● What to produce: Once the pictures are set aside, copy the data below exactly as it stands.

● Data shown:
================

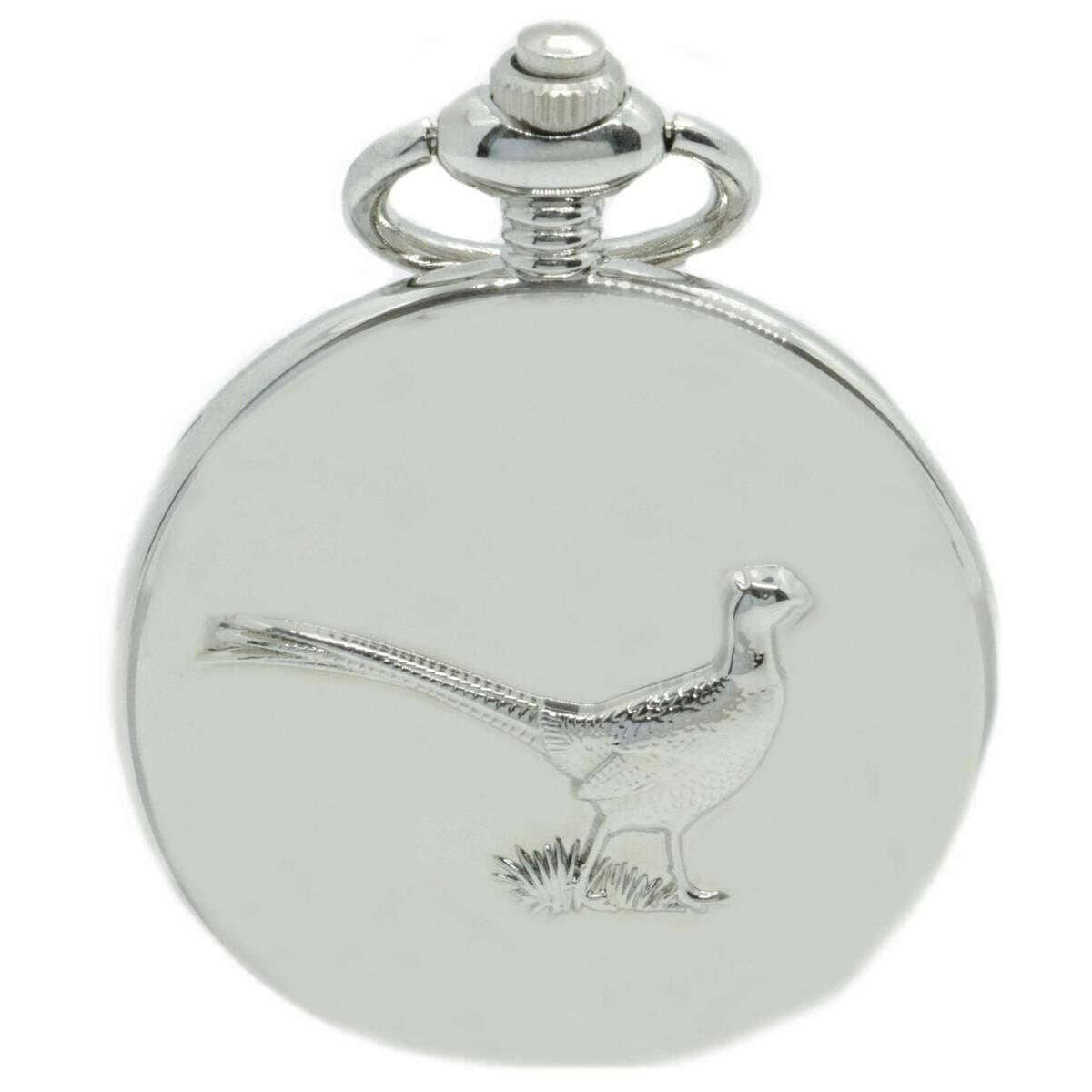 David Aster Pheasant Embossed Quartz Full Hunter Pocket Watch - Silver/White
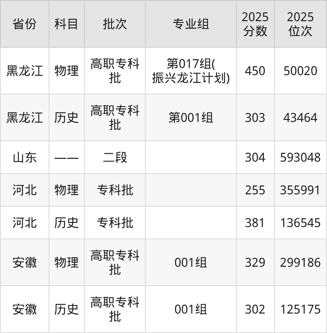 黑龙江生态工程职业学院专业组101:2025年投档录取最低分为302分,录取最低位次为277596名。
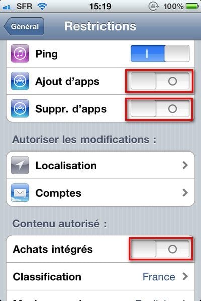 Dans l’écran suivant, désactivez tour à tour : Ajout d’apps, Suppr. d’apps et enfin, plus bas, Achats Intégrés. L’avantage de cette solution est qu’il est facile de rétablir la configuration normale en désactivant les restrictions. Pour finir, retournez dans le menu Général, puis Réglages.
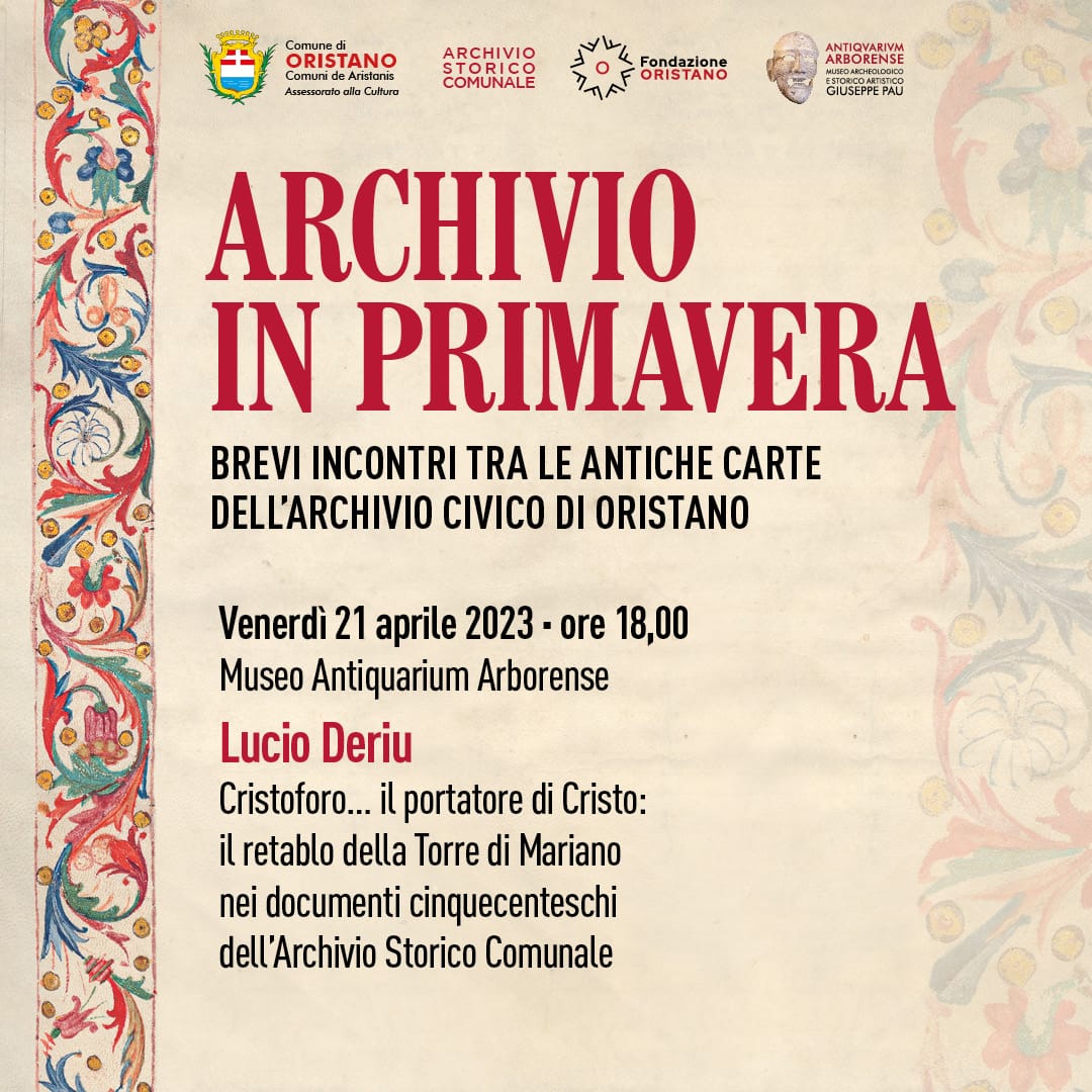 Primavera in Archivio - Venerdì 21 aprile, ore 18, presso l'Antiquarium Arborense
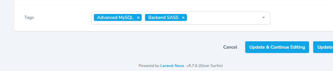 Belongstomany::make('Tags', 'tags', Tag::class)
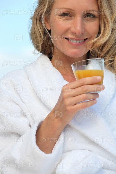 Женщина пьет апельсиновый сок

================

● Solution to this task:
 David Aster Pheasant Embossed Quartz Full Hunter Pocket Watch - Silver/White
 黑龙江生态工程职业学院专业组101:2025年投档录取最低分为302分,录取最低位次为277596名。
 Dans l’écran suivant, désactivez tour à tour : Ajout d’apps, Suppr. d’apps et enfin, plus bas, Achats Intégrés. L’avantage de cette solution est qu’il est facile de rétablir la configuration normale en désactivant les restrictions. Pour finir, retournez dans le menu Général, puis Réglages.
 Primavera in Archivio - Venerdì 21 aprile, ore 18, presso l'Antiquarium Arborense
 Belongstomany::make('Tags', 'tags', Tag::class)
 Женщина пьет апельсиновый сок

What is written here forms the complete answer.